> _TASK STATEMENT_: Write out all the data verbatim. Skip images.

Start of TASK MATERIAL

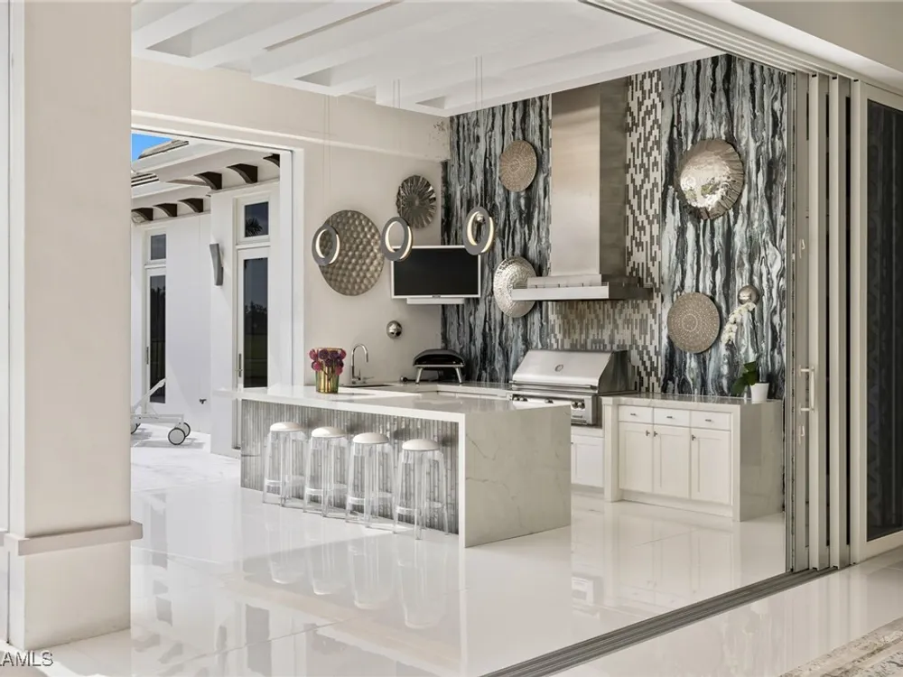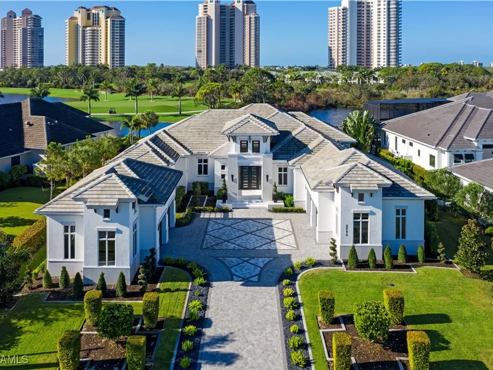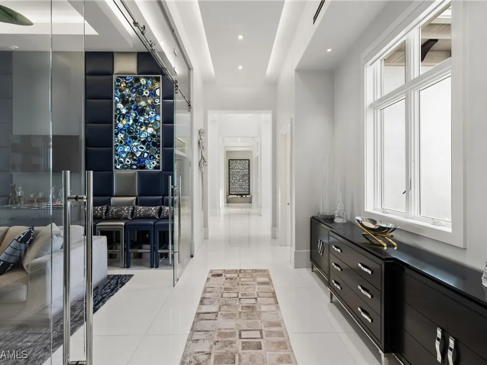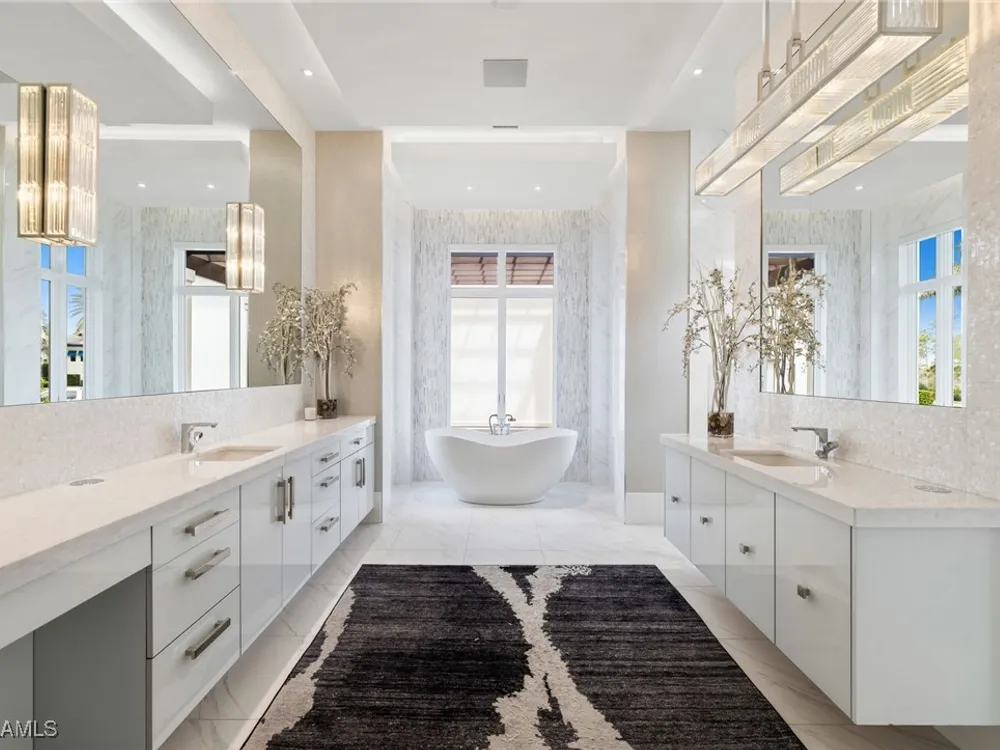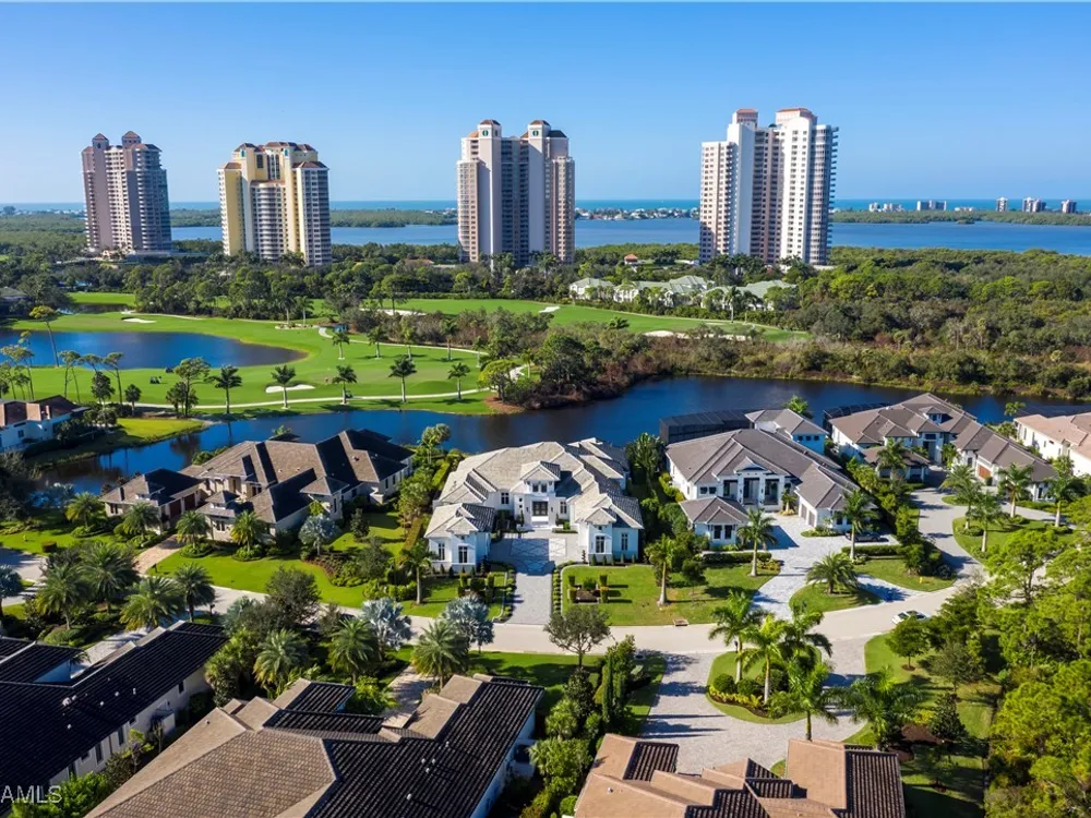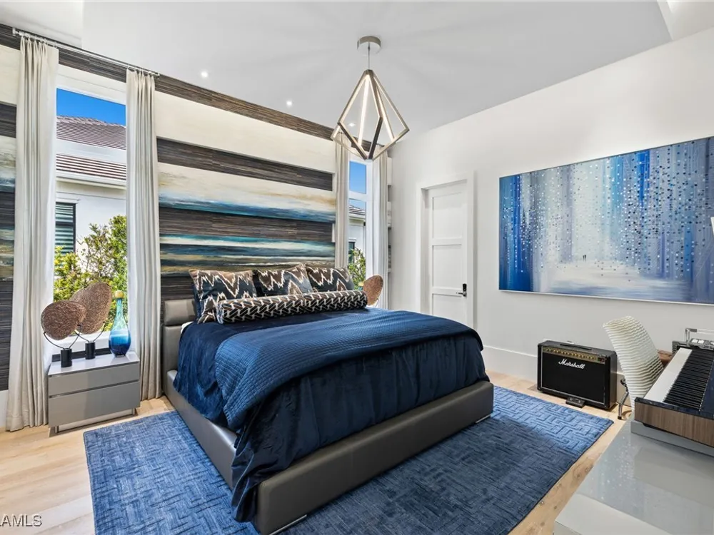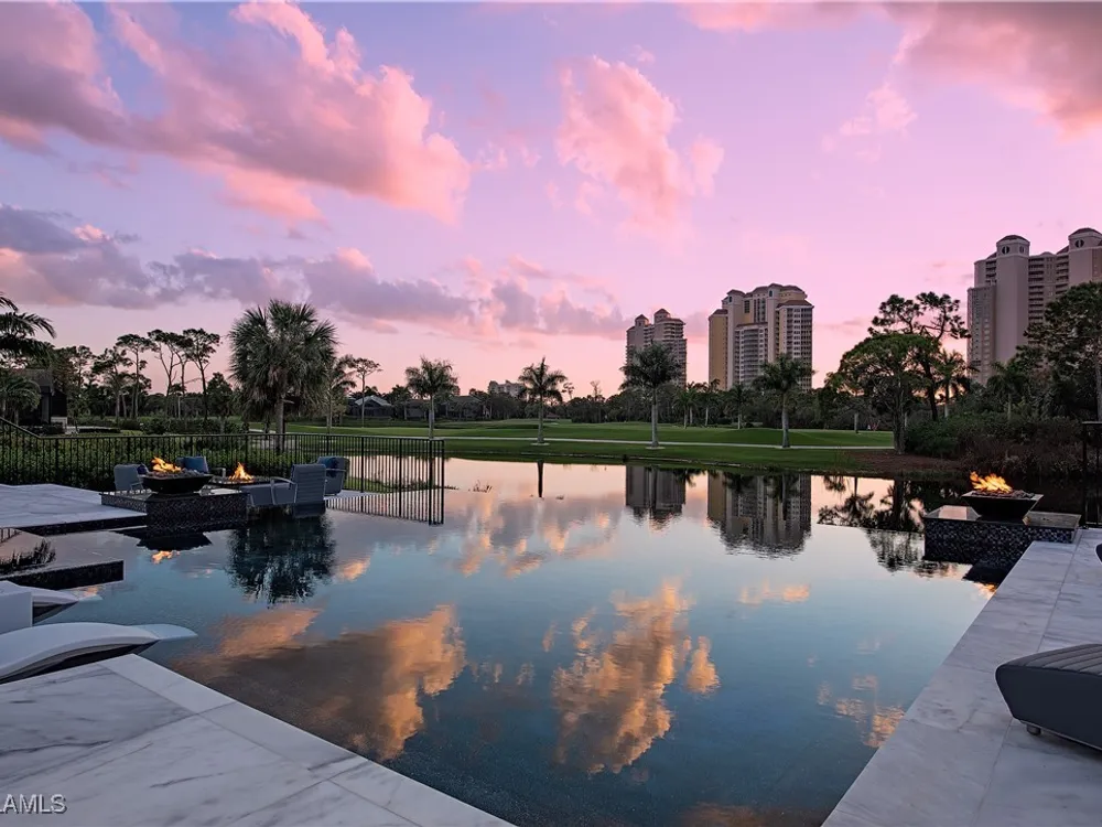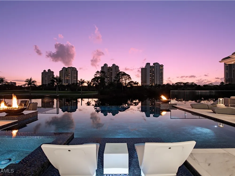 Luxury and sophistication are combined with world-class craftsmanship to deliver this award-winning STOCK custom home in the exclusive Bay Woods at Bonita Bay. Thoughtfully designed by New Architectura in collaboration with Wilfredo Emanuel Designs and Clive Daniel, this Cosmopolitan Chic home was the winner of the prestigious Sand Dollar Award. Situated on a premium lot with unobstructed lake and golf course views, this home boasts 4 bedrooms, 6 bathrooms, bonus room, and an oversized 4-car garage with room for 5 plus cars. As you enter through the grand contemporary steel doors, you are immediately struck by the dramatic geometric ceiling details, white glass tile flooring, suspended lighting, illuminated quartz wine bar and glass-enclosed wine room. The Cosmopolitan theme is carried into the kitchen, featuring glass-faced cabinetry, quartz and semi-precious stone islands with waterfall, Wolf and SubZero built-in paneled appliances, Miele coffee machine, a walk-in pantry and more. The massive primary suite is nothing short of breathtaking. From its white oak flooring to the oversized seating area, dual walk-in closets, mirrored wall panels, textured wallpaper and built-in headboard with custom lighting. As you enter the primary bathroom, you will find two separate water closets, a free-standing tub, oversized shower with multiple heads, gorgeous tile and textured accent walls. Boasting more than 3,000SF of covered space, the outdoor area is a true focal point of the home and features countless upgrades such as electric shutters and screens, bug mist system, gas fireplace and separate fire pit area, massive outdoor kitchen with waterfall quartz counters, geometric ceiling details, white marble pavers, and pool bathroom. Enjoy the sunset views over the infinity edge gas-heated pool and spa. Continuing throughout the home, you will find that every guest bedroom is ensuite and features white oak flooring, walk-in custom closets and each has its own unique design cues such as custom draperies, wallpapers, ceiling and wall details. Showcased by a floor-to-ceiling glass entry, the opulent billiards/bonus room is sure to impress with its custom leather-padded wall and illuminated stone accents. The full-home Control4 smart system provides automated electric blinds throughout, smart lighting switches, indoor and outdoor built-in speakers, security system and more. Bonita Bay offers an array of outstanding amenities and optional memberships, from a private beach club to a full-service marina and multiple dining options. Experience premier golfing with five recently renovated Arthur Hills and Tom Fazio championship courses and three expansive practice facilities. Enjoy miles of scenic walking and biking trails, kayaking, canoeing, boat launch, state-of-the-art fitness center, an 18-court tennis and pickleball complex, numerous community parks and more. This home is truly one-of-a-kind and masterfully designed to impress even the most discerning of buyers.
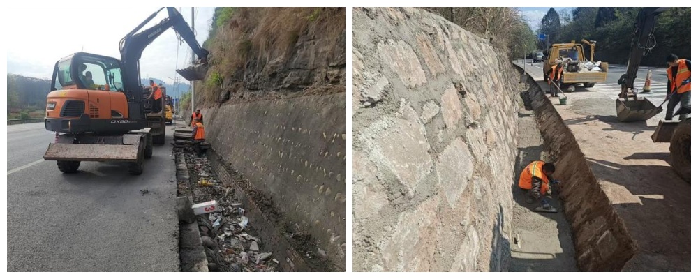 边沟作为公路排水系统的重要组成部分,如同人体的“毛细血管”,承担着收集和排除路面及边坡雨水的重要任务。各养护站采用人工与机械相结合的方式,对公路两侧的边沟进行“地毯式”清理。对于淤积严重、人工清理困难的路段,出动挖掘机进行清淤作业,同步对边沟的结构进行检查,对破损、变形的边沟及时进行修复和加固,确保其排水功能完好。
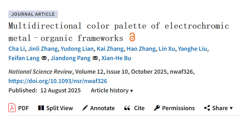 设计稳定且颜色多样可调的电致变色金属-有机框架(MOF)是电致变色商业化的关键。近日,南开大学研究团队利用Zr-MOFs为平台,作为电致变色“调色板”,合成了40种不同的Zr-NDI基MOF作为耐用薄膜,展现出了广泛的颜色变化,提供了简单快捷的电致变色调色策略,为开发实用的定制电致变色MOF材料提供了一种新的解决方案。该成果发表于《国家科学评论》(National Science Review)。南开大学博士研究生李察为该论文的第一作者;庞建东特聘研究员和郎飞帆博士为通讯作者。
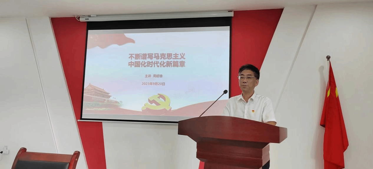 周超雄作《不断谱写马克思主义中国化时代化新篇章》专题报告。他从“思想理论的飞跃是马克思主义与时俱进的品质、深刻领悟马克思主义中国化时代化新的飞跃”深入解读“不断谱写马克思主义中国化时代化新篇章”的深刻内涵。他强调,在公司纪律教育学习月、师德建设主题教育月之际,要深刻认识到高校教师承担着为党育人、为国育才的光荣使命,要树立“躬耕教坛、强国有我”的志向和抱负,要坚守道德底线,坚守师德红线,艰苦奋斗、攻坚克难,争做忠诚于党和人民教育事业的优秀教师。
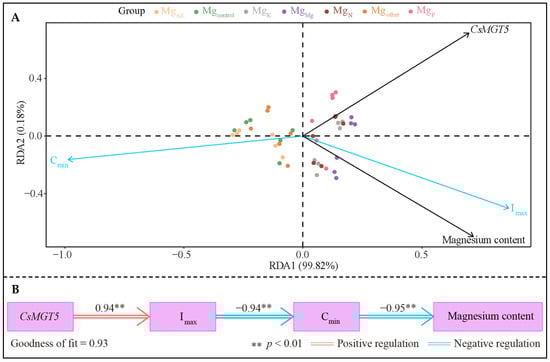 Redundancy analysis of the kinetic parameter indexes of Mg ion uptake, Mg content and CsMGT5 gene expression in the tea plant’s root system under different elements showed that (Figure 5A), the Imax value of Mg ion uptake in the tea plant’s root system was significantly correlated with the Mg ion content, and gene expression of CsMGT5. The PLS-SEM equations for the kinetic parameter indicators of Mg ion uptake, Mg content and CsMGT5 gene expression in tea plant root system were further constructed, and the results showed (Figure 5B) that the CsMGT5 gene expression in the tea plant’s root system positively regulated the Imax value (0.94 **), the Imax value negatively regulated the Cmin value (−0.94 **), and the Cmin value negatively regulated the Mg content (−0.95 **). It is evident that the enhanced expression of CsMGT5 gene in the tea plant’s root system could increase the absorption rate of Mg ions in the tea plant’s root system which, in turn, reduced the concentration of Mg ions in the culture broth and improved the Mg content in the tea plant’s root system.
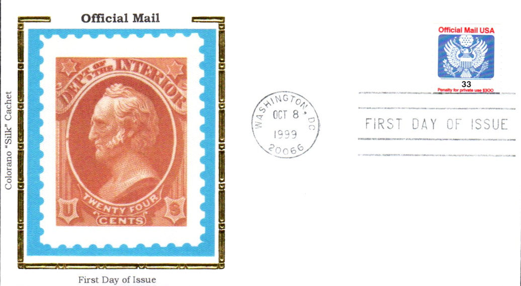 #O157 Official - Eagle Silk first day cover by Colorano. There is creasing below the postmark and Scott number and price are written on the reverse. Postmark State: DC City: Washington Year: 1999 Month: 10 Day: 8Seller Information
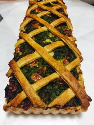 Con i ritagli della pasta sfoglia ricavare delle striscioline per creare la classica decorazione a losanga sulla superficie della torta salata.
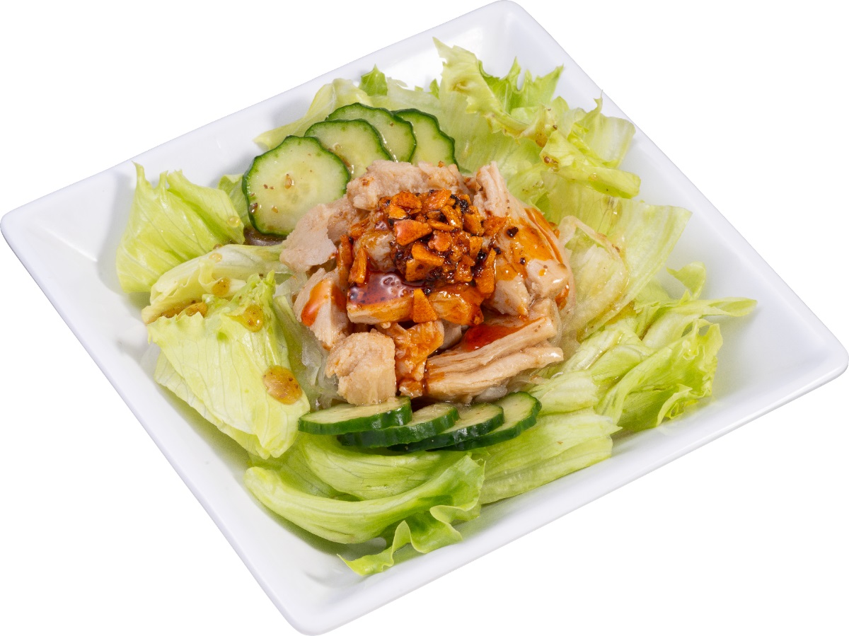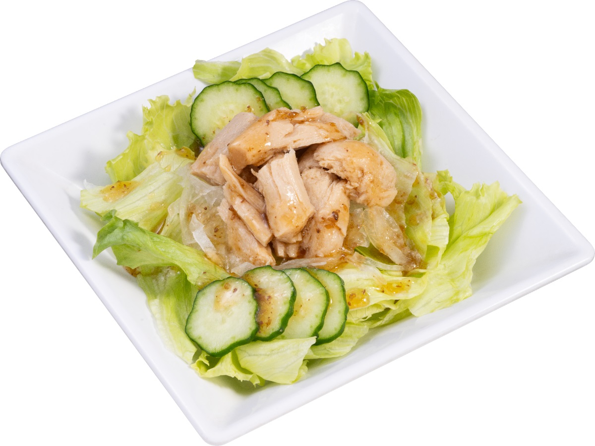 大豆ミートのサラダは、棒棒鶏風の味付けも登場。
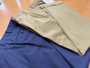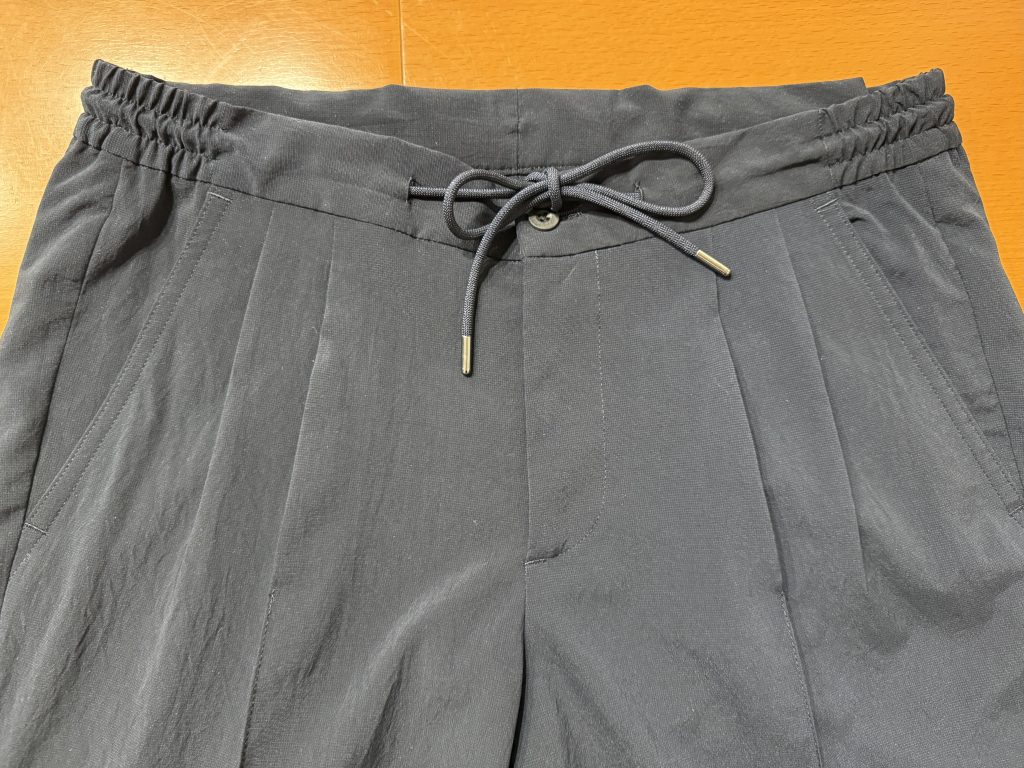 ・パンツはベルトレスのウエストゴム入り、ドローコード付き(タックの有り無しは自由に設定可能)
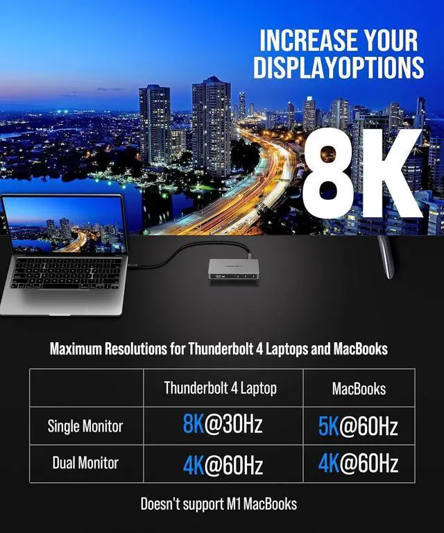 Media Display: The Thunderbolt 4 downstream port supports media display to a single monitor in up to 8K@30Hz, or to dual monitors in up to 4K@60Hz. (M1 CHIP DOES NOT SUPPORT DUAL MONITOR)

End of TASK MATERIAL

> _TASK RESULT_:
 Luxury and sophistication are combined with world-class craftsmanship to deliver this award-winning STOCK custom home in the exclusive Bay Woods at Bonita Bay. Thoughtfully designed by New Architectura in collaboration with Wilfredo Emanuel Designs and Clive Daniel, this Cosmopolitan Chic home was the winner of the prestigious Sand Dollar Award. Situated on a premium lot with unobstructed lake and golf course views, this home boasts 4 bedrooms, 6 bathrooms, bonus room, and an oversized 4-car garage with room for 5 plus cars. As you enter through the grand contemporary steel doors, you are immediately struck by the dramatic geometric ceiling details, white glass tile flooring, suspended lighting, illuminated quartz wine bar and glass-enclosed wine room. The Cosmopolitan theme is carried into the kitchen, featuring glass-faced cabinetry, quartz and semi-precious stone islands with waterfall, Wolf and SubZero built-in paneled appliances, Miele coffee machine, a walk-in pantry and more. The massive primary suite is nothing short of breathtaking. From its white oak flooring to the oversized seating area, dual walk-in closets, mirrored wall panels, textured wallpaper and built-in headboard with custom lighting. As you enter the primary bathroom, you will find two separate water closets, a free-standing tub, oversized shower with multiple heads, gorgeous tile and textured accent walls. Boasting more than 3,000SF of covered space, the outdoor area is a true focal point of the home and features countless upgrades such as electric shutters and screens, bug mist system, gas fireplace and separate fire pit area, massive outdoor kitchen with waterfall quartz counters, geometric ceiling details, white marble pavers, and pool bathroom. Enjoy the sunset views over the infinity edge gas-heated pool and spa. Continuing throughout the home, you will find that every guest bedroom is ensuite and features white oak flooring, walk-in custom closets and each has its own unique design cues such as custom draperies, wallpapers, ceiling and wall details. Showcased by a floor-to-ceiling glass entry, the opulent billiards/bonus room is sure to impress with its custom leather-padded wall and illuminated stone accents. The full-home Control4 smart system provides automated electric blinds throughout, smart lighting switches, indoor and outdoor built-in speakers, security system and more. Bonita Bay offers an array of outstanding amenities and optional memberships, from a private beach club to a full-service marina and multiple dining options. Experience premier golfing with five recently renovated Arthur Hills and Tom Fazio championship courses and three expansive practice facilities. Enjoy miles of scenic walking and biking trails, kayaking, canoeing, boat launch, state-of-the-art fitness center, an 18-court tennis and pickleball complex, numerous community parks and more. This home is truly one-of-a-kind and masterfully designed to impress even the most discerning of buyers.
 边沟作为公路排水系统的重要组成部分,如同人体的“毛细血管”,承担着收集和排除路面及边坡雨水的重要任务。各养护站采用人工与机械相结合的方式,对公路两侧的边沟进行“地毯式”清理。对于淤积严重、人工清理困难的路段,出动挖掘机进行清淤作业,同步对边沟的结构进行检查,对破损、变形的边沟及时进行修复和加固,确保其排水功能完好。
 设计稳定且颜色多样可调的电致变色金属-有机框架(MOF)是电致变色商业化的关键。近日,南开大学研究团队利用Zr-MOFs为平台,作为电致变色“调色板”,合成了40种不同的Zr-NDI基MOF作为耐用薄膜,展现出了广泛的颜色变化,提供了简单快捷的电致变色调色策略,为开发实用的定制电致变色MOF材料提供了一种新的解决方案。该成果发表于《国家科学评论》(National Science Review)。南开大学博士研究生李察为该论文的第一作者;庞建东特聘研究员和郎飞帆博士为通讯作者。
 周超雄作《不断谱写马克思主义中国化时代化新篇章》专题报告。他从“思想理论的飞跃是马克思主义与时俱进的品质、深刻领悟马克思主义中国化时代化新的飞跃”深入解读“不断谱写马克思主义中国化时代化新篇章”的深刻内涵。他强调,在公司纪律教育学习月、师德建设主题教育月之际,要深刻认识到高校教师承担着为党育人、为国育才的光荣使命,要树立“躬耕教坛、强国有我”的志向和抱负,要坚守道德底线,坚守师德红线,艰苦奋斗、攻坚克难,争做忠诚于党和人民教育事业的优秀教师。
 Redundancy analysis of the kinetic parameter indexes of Mg ion uptake, Mg content and CsMGT5 gene expression in the tea plant’s root system under different elements showed that (Figure 5A), the Imax value of Mg ion uptake in the tea plant’s root system was significantly correlated with the Mg ion content, and gene expression of CsMGT5. The PLS-SEM equations for the kinetic parameter indicators of Mg ion uptake, Mg content and CsMGT5 gene expression in tea plant root system were further constructed, and the results showed (Figure 5B) that the CsMGT5 gene expression in the tea plant’s root system positively regulated the Imax value (0.94 **), the Imax value negatively regulated the Cmin value (−0.94 **), and the Cmin value negatively regulated the Mg content (−0.95 **). It is evident that the enhanced expression of CsMGT5 gene in the tea plant’s root system could increase the absorption rate of Mg ions in the tea plant’s root system which, in turn, reduced the concentration of Mg ions in the culture broth and improved the Mg content in the tea plant’s root system.
 #O157 Official - Eagle Silk first day cover by Colorano. There is creasing below the postmark and Scott number and price are written on the reverse. Postmark State: DC City: Washington Year: 1999 Month: 10 Day: 8Seller Information
 Con i ritagli della pasta sfoglia ricavare delle striscioline per creare la classica decorazione a losanga sulla superficie della torta salata.
 大豆ミートのサラダは、棒棒鶏風の味付けも登場。
 ・パンツはベルトレスのウエストゴム入り、ドローコード付き(タックの有り無しは自由に設定可能)
 Media Display: The Thunderbolt 4 downstream port supports media display to a single monitor in up to 8K@30Hz, or to dual monitors in up to 4K@60Hz. (M1 CHIP DOES NOT SUPPORT DUAL MONITOR)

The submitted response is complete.